By Tommy Barnett
Which is worse, the fear of eating food or the shame you experience after you eat something? The pain of hunger and the necessity to live always led me to eat. I can remember being so afraid of taking a single bite because I feared that I would gain weight. When I would eat, the shame would penetrate my core and force me to engage in eating disorder behaviors.
I can remember a time when I was in a treatment center. During snack time, I was called upon to go and see my primary counselor. Before I could leave the group, I was told I had to eat the yogurt that was given to me. I tried to sneak out of group because I didn’t want to eat the yogurt but the therapist caught me. As I stood in the middle of a group, I ate every bite of yogurt. The fear I was facing didn’t come from eating the yogurt but more from the shame I felt that everyone was watching me. I felt naked and embarrassed being in my own skin.

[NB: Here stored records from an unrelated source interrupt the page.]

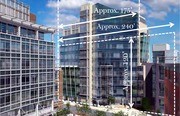 Permitted building widths (façade lengths) with associated building heights, overlayed over 40 Landsdowne Street, a building with a 27,500 square foot floorplate.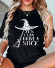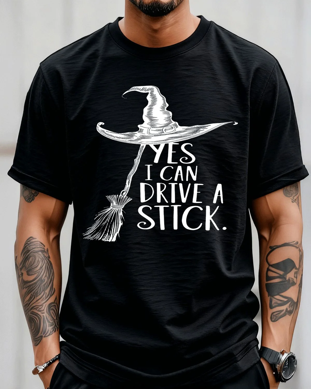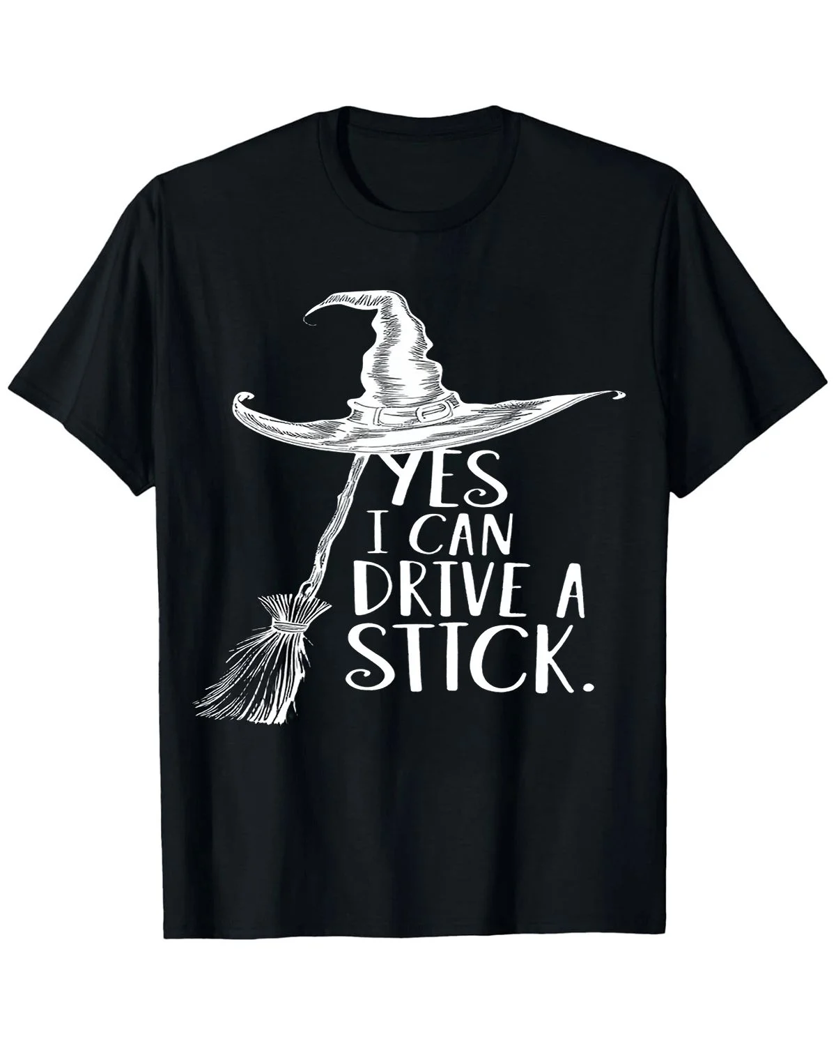 Yes I Can Drive A Stick Witch Hat and Broom Summer Cotton Graphic T Shirt-Casual Funny,Short Sleeve,Soft Fabric,Comfortable Fit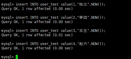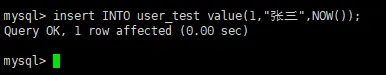 create table user_test( id int comment'ID',name VARCHAR(20) comment'名称', create_time timestamp DEFAULT now() comment'创建时间' );

Someone once stated that the difference between guilt and shame is that guilt is when you do something wrong and shame is when you feel you are wrong. Having an eating disorder is fighting a double battle. It takes so much effort to face the fear of eating and an even greater effort to be okay with ourselves after we eat. Every time I would eat food, I can remember using self-hatred as a motivator to engage in eating disorder behaviors. I felt like I couldn’t live with myself after I would eat something. The trick is, that in order to live you must eat. This was the cycle I lived in for too many years.
As we approach the holidays, being around food of any sort is almost inevitable. Today, I am neither afraid nor am I ashamed. I value my mind, body and soul and to do that is by practicing both a kind relationship with myself and with food. My hope is for you to find freedom from your pain and realize the true nature of yourself. A kind and loving soul, no matter how far down in the darkness you have gone. Beneath your fear, guilt, hurt and shame is a light waiting to shine through. Be strong my friends for you are never alone.